**What this task involves**
Output each record exactly as given. Leave out every picture.

++++ Data for analysis

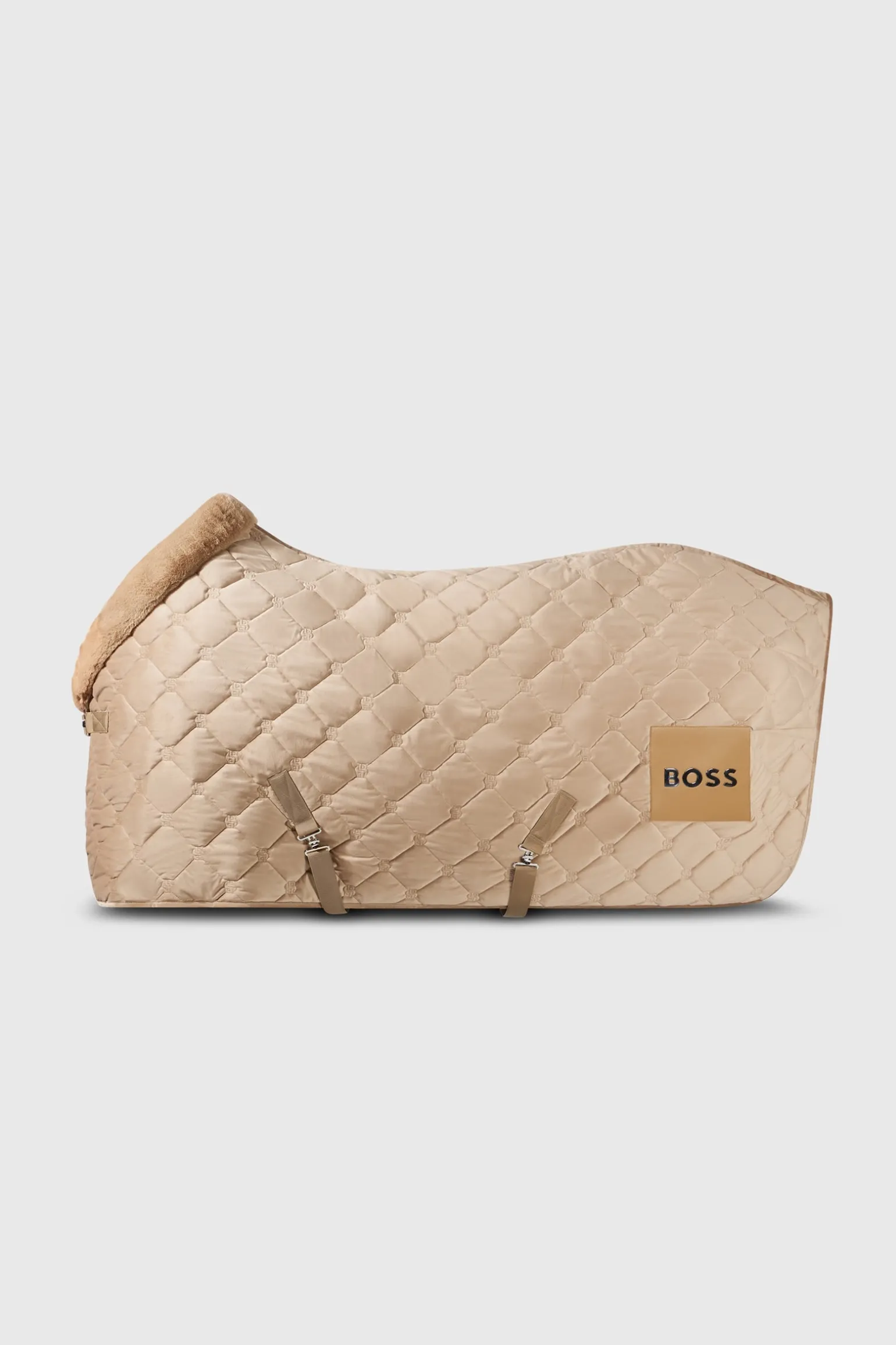 Die BOSS Turnier-Abschwitzdecke ist anatomisch geformt und hat eine perfekte Passform. Das künstliche Schafsfell im Hals-, Widerrist- und Brustbereich sorgt für einen angenehmen Sitz. Die extrem weiche Samtaußenseite mit vollflächiger BOSS Logo-Steppung wirkt äußerst luxuriös. Die Hightech-Faser auf der Innenseite verhindert Scheuerstellen und erzeugt kleine Luftblasen, die die Körperwärme einschließen und speichern. Außerdem glänzt das Fell des Pferdes durch den Kontakt mit dieser weichen Innenseite. Das hervorragende Wärme-Gewichts-Verhältnis maximiert den Komfort für Reiter und Pferd. Die dreilagige Rautensteppung macht die Turnierdecke sehr strapazierfähig und verhindert, dass sich Späne im Gewebe verfangen. Der doppelte Frontverschluss, der Bauchgurt und die Schweifkordel vervollständigen die Sicherheit der Turnierdecke.
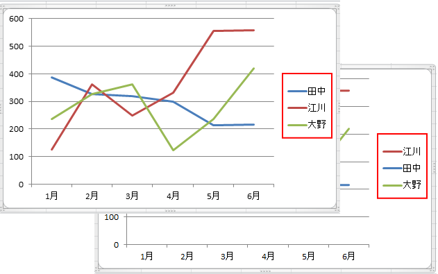 1. グラフ内の凡例をクリックして選択状態にします。凡例の周囲に選択ハンドルが表示されます。
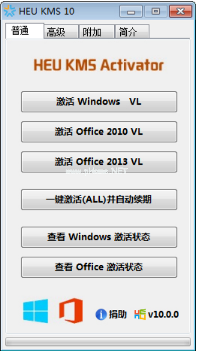 HEU KMS Activator,又稱之為迷你版kms,它是目前網(wǎng)絡(luò)上最專業(yè)、最實(shí)用的一款Windows+Office離線激活工具。軟件功能強(qiáng)大,操作也很簡單,其為單一可執(zhí)行的方式,使用完畢后對系統(tǒng)無任何殘留,可以直接刪除,幾乎能不聯(lián)網(wǎng)激活全部版本的Windows和Office,并且支持自動(dòng)續(xù)期。目前heu kms 10是最新版本,可以成功激活Win7、Win8、Win8.1、Server2008、Office 201O/2013、win10的各個(gè)版本,并增加了對Windows 10 RTM版的支持,修復(fù)了自動(dòng)續(xù)期失敗的問題。
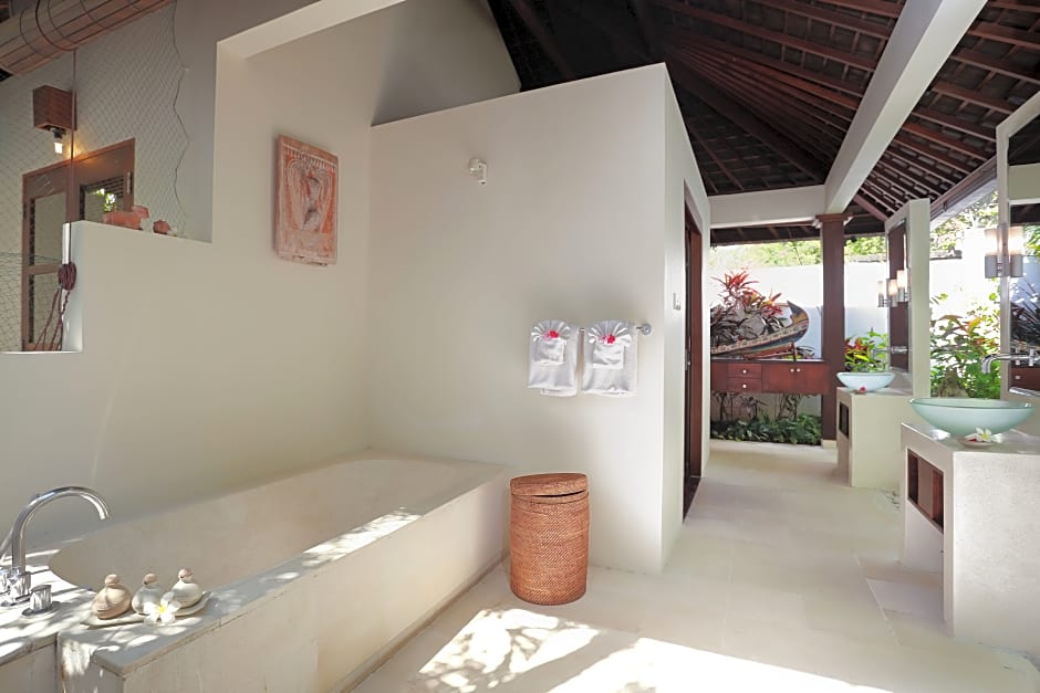 This spacious 2-bedroom villa comes with a private outdoor swimming pool. It also has a separate living room. Each bedroom is air-conditioned and fitted with a wardrobe, and an private bathroom featuring shower and bath facilities as well as free toiletries. Guests staying minimum 5 nights get one-time, 60-minute massage for 2 people. Guests enjoy return airport transfer
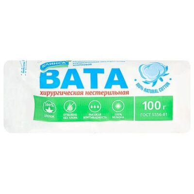 Главная » Аптека Клинса Вата Хирургическая Нестерильная 100Г Просмотров 5 Изготовлена из 100% высококачественного хлопка, отбелена без хлора. Высокой гигроскопичности, без узелков. Мягкая на ощупь. Русвата
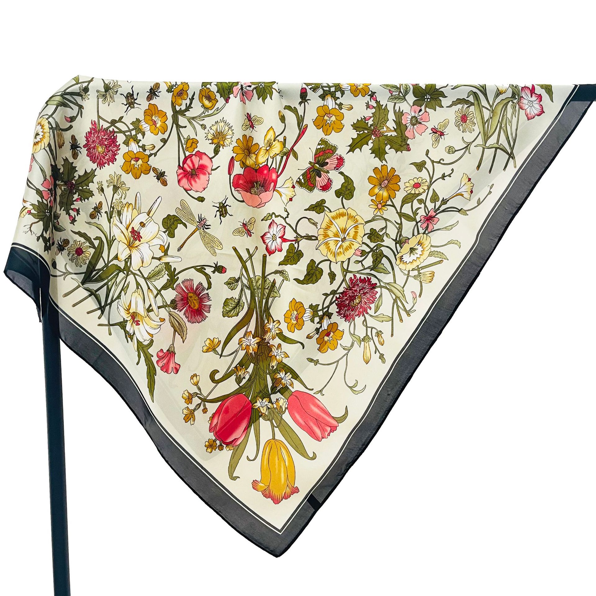 일본과 한국 소녀 스카프 70cm 작은 사각형 스카프 우아한 숙녀 장식 헤어 링 식물 꽃 넥타이 헤어 밴드 대외 무역
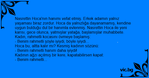 Nasrettin Hoca'nın hanımı vefat etmiş. Erkek adamın yalnız yaşaması biraz zordur. Hoca da yalnızlığa dayanamamış, kendine uygun bulduğu dul bir hanımla evlenmiş. Nasrettin Hoca ile yeni karısı, gece olunca, yatmışlar yatağa, başlamışlar muhabbete. Kadın, rahmetli kocasını övmeye başlamış:

++++++++

**Output of the task**
 Die BOSS Turnier-Abschwitzdecke ist anatomisch geformt und hat eine perfekte Passform. Das künstliche Schafsfell im Hals-, Widerrist- und Brustbereich sorgt für einen angenehmen Sitz. Die extrem weiche Samtaußenseite mit vollflächiger BOSS Logo-Steppung wirkt äußerst luxuriös. Die Hightech-Faser auf der Innenseite verhindert Scheuerstellen und erzeugt kleine Luftblasen, die die Körperwärme einschließen und speichern. Außerdem glänzt das Fell des Pferdes durch den Kontakt mit dieser weichen Innenseite. Das hervorragende Wärme-Gewichts-Verhältnis maximiert den Komfort für Reiter und Pferd. Die dreilagige Rautensteppung macht die Turnierdecke sehr strapazierfähig und verhindert, dass sich Späne im Gewebe verfangen. Der doppelte Frontverschluss, der Bauchgurt und die Schweifkordel vervollständigen die Sicherheit der Turnierdecke.
 1. グラフ内の凡例をクリックして選択状態にします。凡例の周囲に選択ハンドルが表示されます。
 HEU KMS Activator,又稱之為迷你版kms,它是目前網(wǎng)絡(luò)上最專業(yè)、最實(shí)用的一款Windows+Office離線激活工具。軟件功能強(qiáng)大,操作也很簡單,其為單一可執(zhí)行的方式,使用完畢后對系統(tǒng)無任何殘留,可以直接刪除,幾乎能不聯(lián)網(wǎng)激活全部版本的Windows和Office,并且支持自動(dòng)續(xù)期。目前heu kms 10是最新版本,可以成功激活Win7、Win8、Win8.1、Server2008、Office 201O/2013、win10的各個(gè)版本,并增加了對Windows 10 RTM版的支持,修復(fù)了自動(dòng)續(xù)期失敗的問題。
 This spacious 2-bedroom villa comes with a private outdoor swimming pool. It also has a separate living room. Each bedroom is air-conditioned and fitted with a wardrobe, and an private bathroom featuring shower and bath facilities as well as free toiletries. Guests staying minimum 5 nights get one-time, 60-minute massage for 2 people. Guests enjoy return airport transfer
 Главная » Аптека Клинса Вата Хирургическая Нестерильная 100Г Просмотров 5 Изготовлена из 100% высококачественного хлопка, отбелена без хлора. Высокой гигроскопичности, без узелков. Мягкая на ощупь. Русвата
 일본과 한국 소녀 스카프 70cm 작은 사각형 스카프 우아한 숙녀 장식 헤어 링 식물 꽃 넥타이 헤어 밴드 대외 무역
 Nasrettin Hoca'nın hanımı vefat etmiş. Erkek adamın yalnız yaşaması biraz zordur. Hoca da yalnızlığa dayanamamış, kendine uygun bulduğu dul bir hanımla evlenmiş. Nasrettin Hoca ile yeni karısı, gece olunca, yatmışlar yatağa, başlamışlar muhabbete. Kadın, rahmetli kocasını övmeye başlamış:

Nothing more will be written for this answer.